Other factors are present in the other alleles of the chromosomes, which means none of the other traits are related directly to gender.

Also, I'd like to add that some visual traits occur concurrently and some don't.
For example, you can have co-dominant spangle and opaline, making it spangle opaline, but you can't have both normal and opaline, as opaline is a variation of normal and therefore "replaces" the normal striping pattern.

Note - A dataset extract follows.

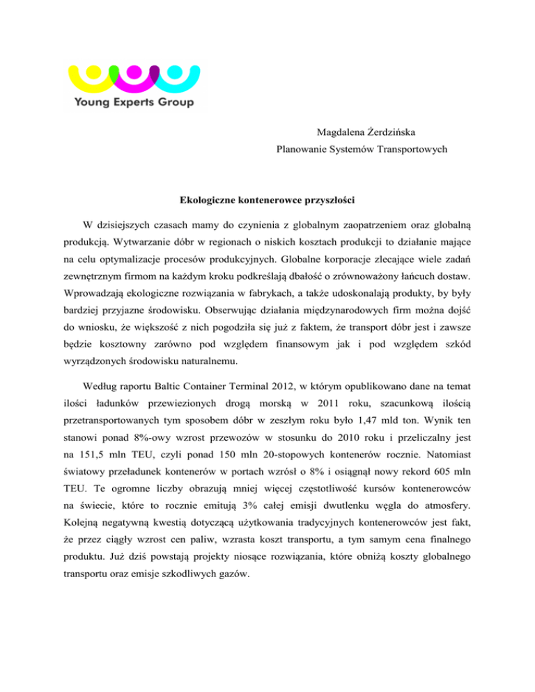 Magdalena Żerdzińska Planowanie Systemów Transportowych Ekologiczne kontenerowce przyszłości W dzisiejszych czasach mamy do czynienia z globalnym zaopatrzeniem oraz globalną produkcją. Wytwarzanie dóbr w regionach o niskich kosztach produkcji to działanie mające na celu optymalizacje procesów produkcyjnych. Globalne korporacje zlecające wiele zadań zewnętrznym firmom na każdym kroku podkreślają dbałość o zrównoważony łańcuch dostaw. Wprowadzają ekologiczne rozwiązania w fabrykach, a także udoskonalają produkty, by były bardziej przyjazne środowisku. Obserwując działania międzynarodowych firm można dojść do wniosku, że większość z nich pogodziła się już z faktem, że transport dóbr jest i zawsze będzie kosztowny zarówno pod względem finansowym jak i pod względem szkód wyrządzonych środowisku naturalnemu. Według raportu Baltic Container Terminal 2012, w którym opublikowano dane na temat ilości ładunków przewiezionych drogą morską w 2011 roku, szacunkową ilością przetransportowanych tym sposobem dóbr w zeszłym roku było 1,47 mld ton. Wynik ten stanowi ponad 8%-owy wzrost przewozów w stosunku do 2010 roku i przeliczalny jest na 151,5 mln TEU, czyli ponad 150 mln 20-stopowych kontenerów rocznie. Natomiast światowy przeładunek kontenerów w portach wzrósł o 8% i osiągnął nowy rekord 605 mln TEU. Te ogromne liczby obrazują mniej więcej częstotliwość kursów kontenerowców na świecie, które to rocznie emitują 3% całej emisji dwutlenku węgla do atmosfery. Kolejną negatywną kwestią dotyczącą użytkowania tradycyjnych kontenerowców jest fakt, że przez ciągły wzrost cen paliw, wzrasta koszt transportu, a tym samym cena finalnego produktu. Już dziś powstają projekty niosące rozwiązania, które obniżą koszty globalnego transportu oraz emisje szkodliwych gazów. 1. Cargo-żaglowiec projektu B9 Shipping Irlandzka firma B9 Shipping będąca częścią B9 ENERGY GROUP, przedstawiła projekt, który z pewnością zainteresuje nie jednego armatora. Kontenerowiec napędzany w 60% energią wiatrową, to połączenie starodawnego żaglowca z nowocześnie wyposażonym statkiem do przewożenia kontenerów. Na wypadek gdyby darmowa energia wiatrowa chwilowo była zbyt słaba do utrzymania optymalnej prędkości, a także podczas manewrów przy portach morskich, statek będzie korzystał z silników Rolls Royce’a napędzanych biogazem. Produkcją biogazu ze śmieci zajmie się spółka B9 Organic Energy, która również wchodzi w skład grupy. Rysunek 1. Cargo-żaglowiec projektu B9 Shipping Źródło: http://www.b9energy.com Nowoczesny 3000-tonowy cargo-żaglowiec ma długość prawie 100 metrów, posiada trzy maszty, każdy wysokości około 55 metrów. Grupa B9 zamierza pozyskać surowce do wytworzenia nowych cargo-żaglowców ze starych, tradycyjnych kontenerowców. Szacowany koszt wytworzenia pierwszego statku to 45 mln dolarów, a jego budowa ma zająć trzy lata. Specjalistyczne ożaglowanie (Dyna-rig) zaprojektowane przez niemieckiego architekta Wilhelma Prollsa oraz nowy model kadłuba od kilku miesięcy są testowane na Uniwersytecie w Southampton i z dostępnych informacji wynika, że badania przebiegają pomyślnie. Grupa B9 podkreśla, że w ich statku wszystko zostało skonstruowane tak, aby nie było potrzeby korzystania z tradycyjnych paliw, tym samym ograniczając emisję dwutlenku węgla niemalże do zera. Co stanowi ogromną różnice w porównaniu do tradycyjnego kontenerowca, który dziennie emituje średnio 16 ton dwutlenku węgla. 2. Projekt UT Wind Challenger Kolejnym projektem kontenerowca przyszłości pochwalił się Uniwersytet w Tokio podczas tegorocznych targów morskich w Japonii. UT Wind Challenger to ekologiczny kontenerowiec zbudowany głównie z tworzywa sztucznego i aluminium. Posiada dziewięć pustych w środku masztów, każdy o wysokości prawie 50 metrów i szerokości około 20 metrów. Rysunek 2. UT Wind Challenger Źródło: http://www.gizmag.com/next-gen-ships-sails-lower-fuel-use/22289/ Żagle dzięki nowoczesnej technologii sterowane będą automatycznie, aby w razie sztormu mogły zostać złożone. Każdy z dziewięciu masztów składa się z pięciu elementów i kosztuje ok. 2,5 mln dolarów. Głównym atutem powyższego kontenerowca jest redukcja zużycia tradycyjnego paliwa o 30% dzięki wykorzystaniu energii wiatru. Według ekspertów z tokijskiego Uniwersytetu inwestycja powinna się zwrócić w przeciągu od 5 do 10 lat. Pierwszy statek ma wypłynąć już w 2016 roku, jednak początkowo będzie to model nieco mniejszych rozmiarów, przeznaczony do testów na pełnym morzu. 3. SkySails Specjaliści z firmy Beluga Shipping już kilka lat temu wpadli na pomysł wykorzystania siły wiatru w celu zredukowania zużycia paliwa przez kontenerowce. Projekt ten jest dużo tańszą inwestycją, a pozwala na zaoszczędzenie od 15% do 50% kosztów paliwa. Urządzenie SkySails to latawiec o powierzchni około 160 metrów kwadratowych, który po przymocowaniu do statku napędza go dzięki energii wiatru. Do zamontowania go potrzeba około 13 ludzi, całą obsługę oferuje firma. Koszt jednego latawca waha się od 300 tysięcy do 600 tysięcy euro. Rysunek 3. SkySails Źródło: http://www.przejdznaswoje.pl/artykuly/energia-wiatru-napedza-wielkie-lodzie 4. Projekty łączące energie wiatrową oraz słoneczną Patrząc na projekty nowoczesnych kontenerowców B9 Shipping oraz UT Wind Challenger można zauważyć, że w obu przypadkach mamy do czynienia z dużą powierzchnią żagli. Pierwsze co się nasuwa na myśl to „a może by tą powierzchnię wykorzystać?”. I tak właśnie pomyślały między innymi dwie firmy: australijska SolarSailor oraz japońska Eco Marine Power. Przedsiębiorstwa zajmują się montowaniem paneli słonecznych na statkach. Eco Marine Power przedstawiła projekt, który łączy dwa alternatywne źródła pozyskiwania energii przez kontenerowiec.

Similarly, the violet factor acts in a similar manner as it is an added color factor and exists as incomplete dominance with blue series and green series birds. Sf (single factor) violet birds have a 50% chance of passing on the violet gene whereas the Df (double factor) gene makes it 100% that all the babies will be at least sf violet factored.
I hope this helps, and like Deb said, there are tons of informational articles on mutations, good luck on studying
Hope to see you around soon!
I'm sure you meant you can't have normal and spangle in the same bird, since Opaline is a sex linked gene that can occur in any bird.

Last edited by JWKnight; 05-14-2015 at 12:36 AM.